Comparative Techno-economic analysis of methanol production via carbon dioxide reforming of landfill gas using a highly active and stable Nickel-based catalyst

• Nickel-based catalyst tolerates high gas hourly space velocity of 1,620 L g −1 h −1 . • Developed catalyst was compared with commercial carbon dioxide reforming catalyst. • Reformer size is reduced by 23% due to the developed catalyst’s high space velocity. • Efficient heat utilization diminishes production cost by a factor of 2.5. • Improved methanol production cost (36%) and energy efficiency (∼6%p) are reported.

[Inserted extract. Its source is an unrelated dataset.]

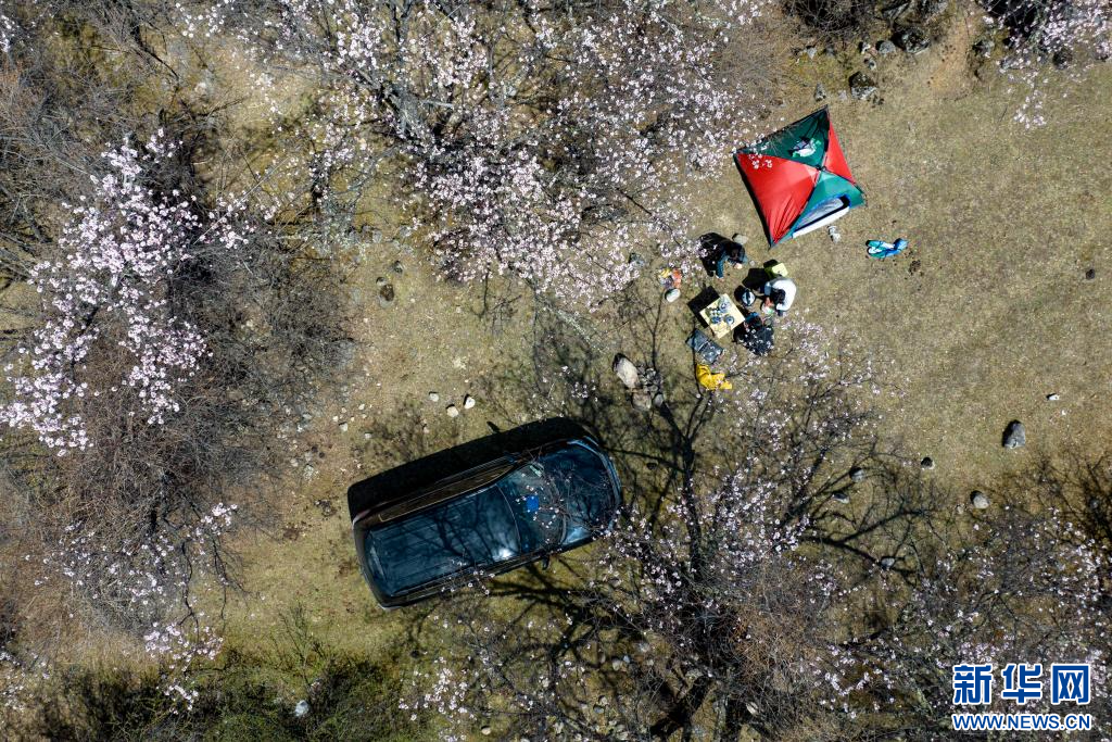 4月18日,群眾在嘉黎縣尼屋鄉(xiāng)境內(nèi)桃花間“過林卡”(無人機照片)。新華網(wǎng) 旦增努布 攝

The economic viability of a methanol production process through carbon dioxide reforming of landfill gas using a newly developed nickel-based catalyst was assessed. The development of the catalyst and techno-economic analysis of the designed process were targeted. The nickel-based catalyst showed a highly active and stable performance even at an extremely high gas hourly space velocity of 1,620,000 mL g −1 h −1 . The high activity of the catalyst was due to the abundant nickel active sites (metallic nickel particles) on its surface. Coke formation was suppressed by the small particle size of nickel and relatively high oxygen storage capacity, resulting in a stable catalytic performance. In the process simulation, the methanol production system based on the nickel-based catalyst (new process) leveraged its smaller reformer size and more efficient heat utilization compared to those of a previously reported system based on a rhodium-based catalyst (base process) because of its higher gas hourly space velocity. The process simulation was conducted based on the gas hourly space velocity of 312,346 mL g −1 h −1 . The unit production costs of methanol were reduced from 184.0 $ ton −1 in the base process to 117.5 $ ton −1 in the new process. In addition, profitability analysis based on the global market price of methanol demonstrated that the new process exhibited a positive net present value, indicating economic feasibility, whereas the base process was not viable in the worst-case scenario (lowest market price of methanol).